> [EXERCISE PROMPT] Once the line holding "ΘΕΡΜΟΚΡΑΣΙΑ: Στα πεδινά" is found in the entries below, restate it and each line after it word for word, with no pictures.

> [RECORD SET]
== Segment start ==
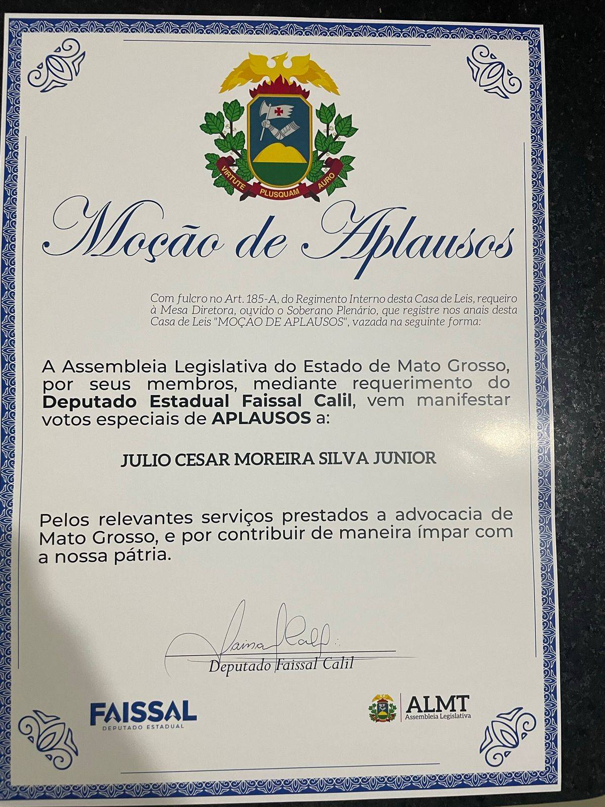Entre os homenageados, destacou-se o renomado advogado Julio Cesar Moreira Silva Junior, cuja trajetória na advocacia mato-grossense é marcada por diversas contribuições relevantes.
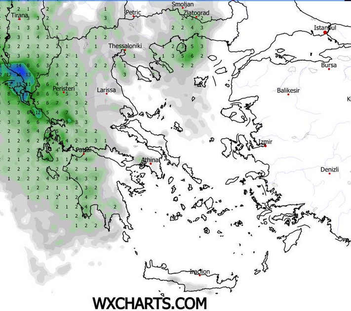 ΘΕΡΜΟΚΡΑΣΙΑ: Στα πεδινά των νομών Λάρισας, Τρικάλων και Καρδίτσας από 2 έως 14/15 βαθμούς κελσίου, στην Μαγνησία, τα παράλια και τις Σποράδες από 6 έως 15/17 βαθμούς κελσίου.
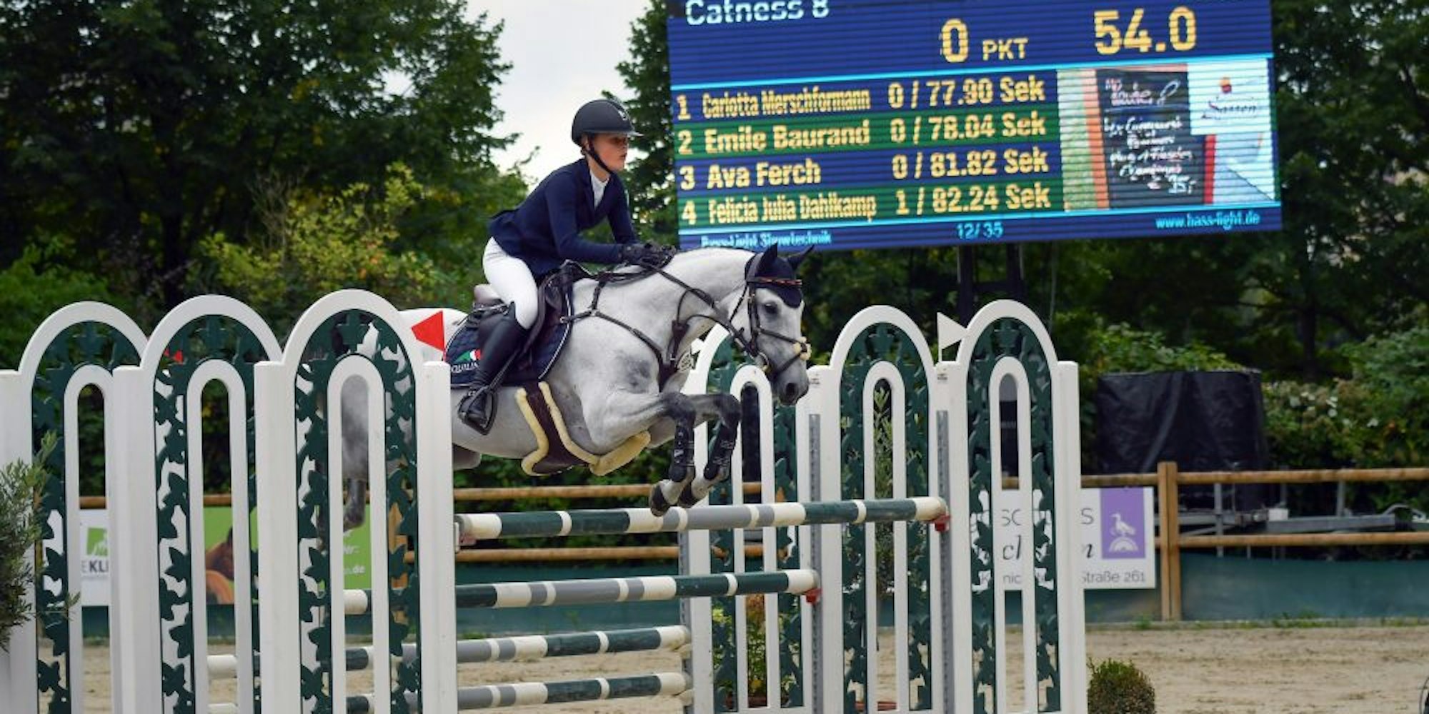 Trotzdem war das Turnier so etwas wie eine Initialzündung. Die junge Wipperfürtherin legte ihre Angst ab, entwickelte sich rasant, und hat sich drei Jahre später auf ihrer Schimmelstute Catness für das Finale der Weltcuptrophy qualifiziert. Im belgischen Mechelen gehen nach Weihnachten die besten 20 Ponyreiterinnen und -reiter an den Start. Jonna Esser ist eine von nur zwei deutschen Reiterinnen und steht im Ranking auf Platz drei. In Dänemark und Lyon hatte sie sich auf Catness qualifiziert.
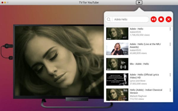 Aplikácia TV for YouTube umožňuje prehrávať videá z YouTube bez nutnosti otvoriť internetový prehliadač, stačí len kliknúť na ikonu aplikácie v menu bare. Ak máte pripojený váš smart televízor na rovnakej sieti ako počítač Mac, môžete si priamo v aplikácii vybrať na ktorom zariadení sa má video prehrávať.
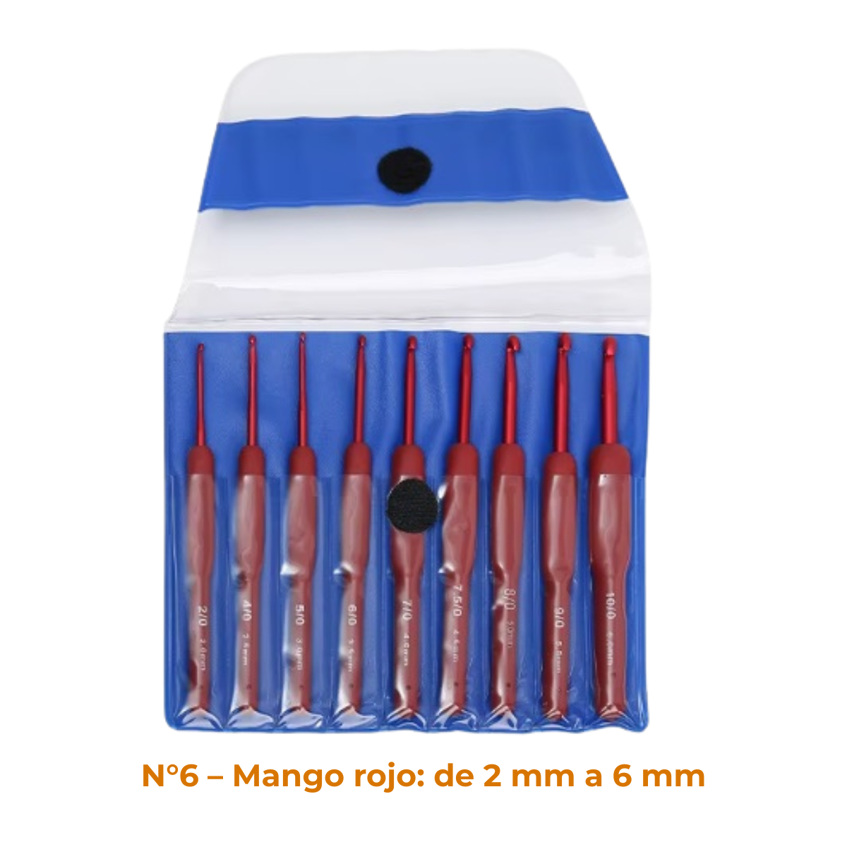 🔴 N°6 – Mango rojo | Medidas de 2 mm a 6 mm
== Segment end ==
> [TASK ANSWER]
 ΘΕΡΜΟΚΡΑΣΙΑ: Στα πεδινά των νομών Λάρισας, Τρικάλων και Καρδίτσας από 2 έως 14/15 βαθμούς κελσίου, στην Μαγνησία, τα παράλια και τις Σποράδες από 6 έως 15/17 βαθμούς κελσίου.
 Trotzdem war das Turnier so etwas wie eine Initialzündung. Die junge Wipperfürtherin legte ihre Angst ab, entwickelte sich rasant, und hat sich drei Jahre später auf ihrer Schimmelstute Catness für das Finale der Weltcuptrophy qualifiziert. Im belgischen Mechelen gehen nach Weihnachten die besten 20 Ponyreiterinnen und -reiter an den Start. Jonna Esser ist eine von nur zwei deutschen Reiterinnen und steht im Ranking auf Platz drei. In Dänemark und Lyon hatte sie sich auf Catness qualifiziert.
 Aplikácia TV for YouTube umožňuje prehrávať videá z YouTube bez nutnosti otvoriť internetový prehliadač, stačí len kliknúť na ikonu aplikácie v menu bare. Ak máte pripojený váš smart televízor na rovnakej sieti ako počítač Mac, môžete si priamo v aplikácii vybrať na ktorom zariadení sa má video prehrávať.
 🔴 N°6 – Mango rojo | Medidas de 2 mm a 6 mm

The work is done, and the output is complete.